Enhanced photocatalytic performance in seawater of donor-acceptor type conjugated polymers through introduction of alkoxy groups in the side chain

Previous studies have demonstrated that the donor (D)-acceptor (A) structure enables conjugated polymers (CPs) to effectively inhibit charge recombination, reduce exciton binding energy to a minimum, and broaden the light absorption spectrum, ultimately enhancing photocatalytic activity. Besides, side chain engineering is an effective approach to enhance photocatalytic performance by regulating surface chemistry and energy band structure of CPs.
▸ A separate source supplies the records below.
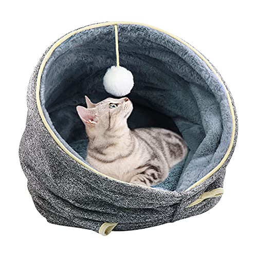 TZL Letto per Gatti Medi Piccolo, Pieghevole Cuccia Gatto Chiusa Interno Morbida e Confortevole, 39 * 39 * 37 cm (Grigio)
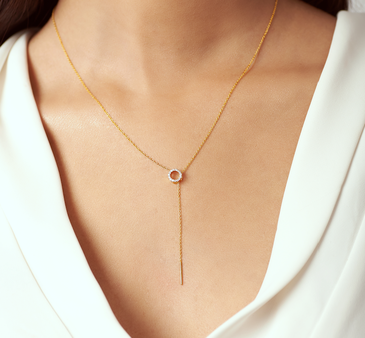 Solid Gold Diamond Halo Lariat
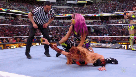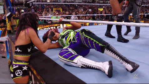 The action spilled back and forth. Our Captain kicked back into the fray, sending Lita to oblivion and back with the Kaio-Kick. Stratus took Kai to the canvas with the Stratusfaction. The chaos went back to the floor. SKY got her first iconic IYO WrestleMania Moment, gliding off the top rope to everyone on the floor with a moonsault. The referee was counting to ten. Everyone barely made it back into the ring to break the count. The war continued. Everyone squared off and fought to a finish.
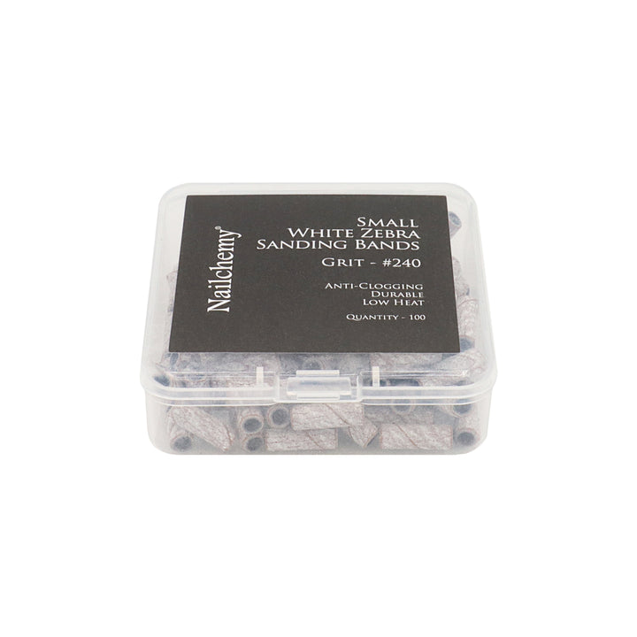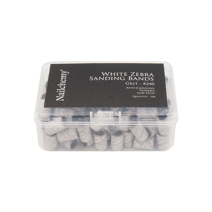 - 1 x Box Nailchemy White Zebra Sanding Bands – For Standard Mandrel Bit (240 grit)
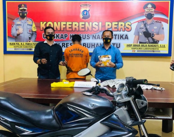 LABUHANBATU (mimbarsumut.com) –Seorang pemuda pengangguran Riski Lesmana Siregar yang merupaka warga kampung Banjar, Kota Pinang, Kabupaten Labuhanbatu Selatan berhasil diamankan Satres Narkoba Labuhanbatu.
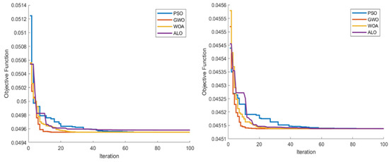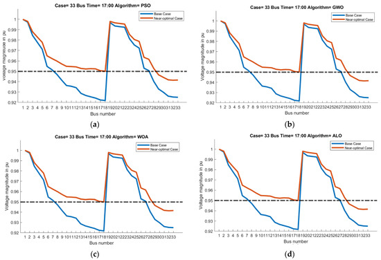 We ran simulations for Model I and Model II using a 33-bus test system. We set the number of search agents to 50, the number of iterations to 1000, and placed 8 PVs at each bus 15, 16, 19, 20, 25, and 33. The results of PSO, GWO, WOA, and ALO-based optimization are shown in Figure 6. In all the results, it could be seen that the final voltage magnitudes values have improved.
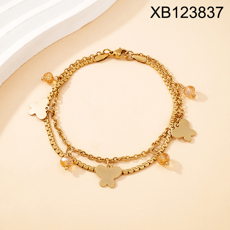 Home > Level B Stainless Steel New Trendy Women Jewelry Two Layers Chain Animal Butterfly Golden Bracelet
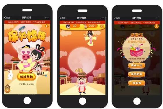 划重点:借用中秋寓言“嫦娥”故事,打造互动小游戏,娱乐性与互动性高,可设置分享与奖励机制,参与即可进行抽奖,吸引用户参与。
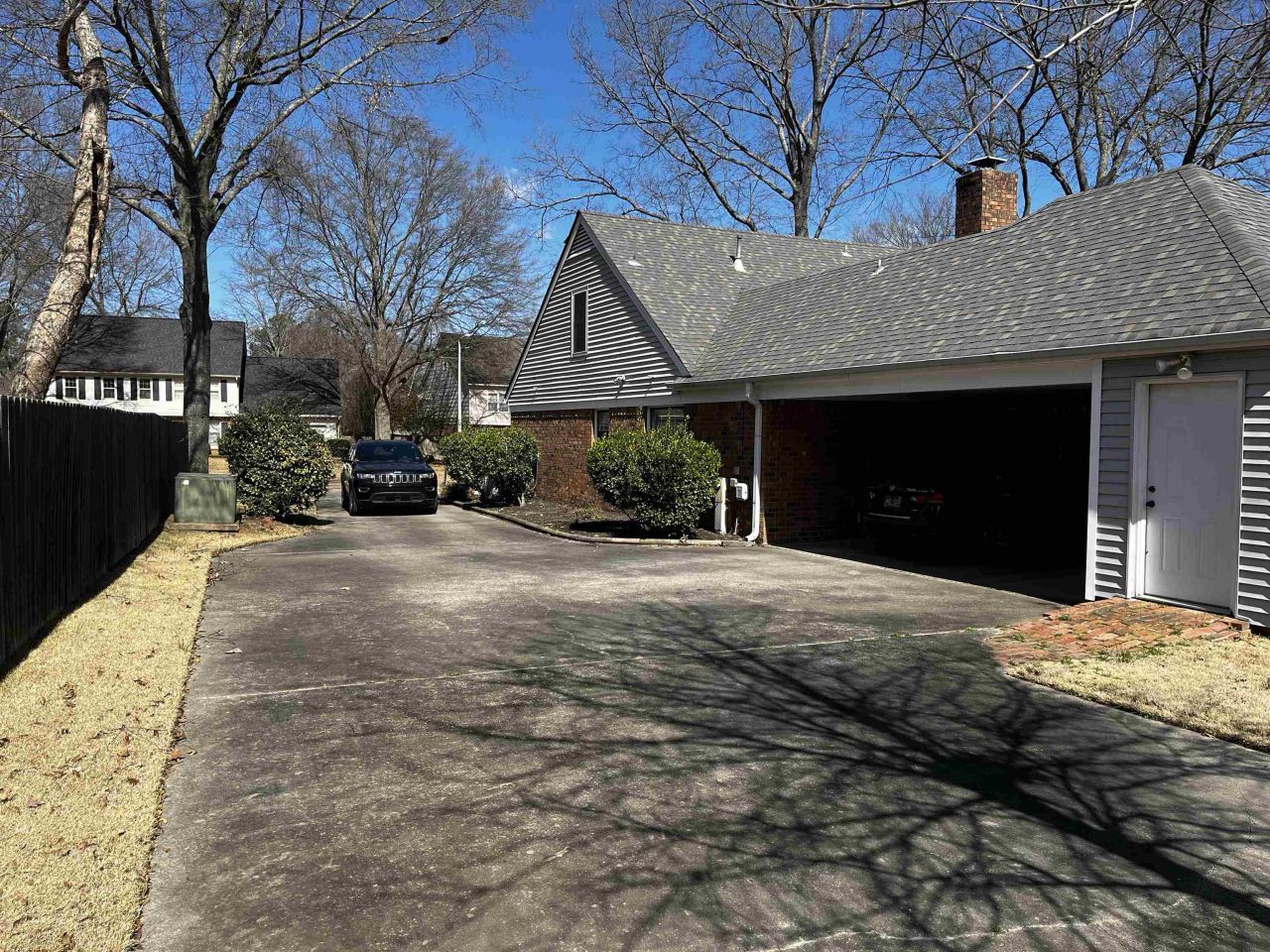 Hurry, Hurry! Very well kept 3BR/2Bath home all on one level with separate Living/Dining/Den. All bedrooms spacious, especially the primary BR. Fireplace and Laminate floor in Family room and hallway, carpet in bedrooms but in excellent condition. Plantation Shutters on all windows! Enormous expandable attic with permanent stairs form family room. Attached 2-car side-load carport. Driveway is in pristine condition. Wonderful Screen porch with separate door from primary BR overlooking well-manicured lawn (mostly fenced). All spacious rooms. Updated Kitchen is extra wide too. Walking distance to Farming Elementary and Farmington Park. Easy to see!
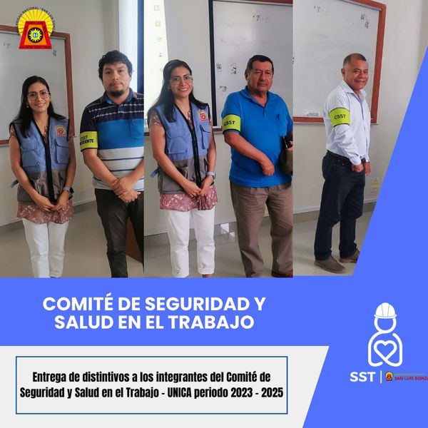 #SeguridadSaludTrabajo | #SST Ayer se llevó a cabo la ceremonia de instalación del Comité de Seguridad y Salud en el Trabajo de la Universidad Nacional «San Luis Gonzaga» para el periodo 2023-2025, conforme a lo establecido en la Ley N.° 29783 “Ley de Seguridad y Salud en el Trabajo”. El Comité fue instalado por la Dra. Sonia Guevara Sotelo, Responsable de la Gestión de Seguridad y Salud en el Trabajo.

Herein, three D-A type CPs, namely TPD-T, TPD-MOT and TPD-DOT, were designed and synthesized using thieno[3,4-c]pyrrole-4,6-dione (TPD) as A units and thiophene with different alkyl/alkoxy groups side chain (as 3-octylthiophene (T), 3-methoxythiophene (MOT) and 3,4-ethylenedioxythiophene (DOT)) as D units, via an atom- and step-economic CH/CH cross-coupling polycondensation. The photocatalytic hydrogen production performance of these polymers driven by visible light was systematically evaluated in pure water and natural seawater. The results show that the hydrogen evolution rates (HERs) of the as-synthesized CPs in pure water and natural seawater significantly increased by 5 and 7 times, respectively, when the number of alkoxy groups on the side chain of polymers increased from 0 to 2. In particular, HERs of three polymers in natural seawater are distinctly better than that in pure water. Further, the steady-state photoluminescence (PL), time-resolved fluorescence decay, and electrochemical impedance spectroscopy (EIS) studies combined with density functional theory (DFT) simulations were carried out to figure out the possible mechanism of the enhanced photocatalytic performance of CPs by side chain engineering. This work indicates that side chain engineering contributes significantly to determine the photocatalytic activity of D-A polymers-based photocatalysts, and could serve as guidelines for organic photocatalysts with highly efficient hydrogen evolution performance.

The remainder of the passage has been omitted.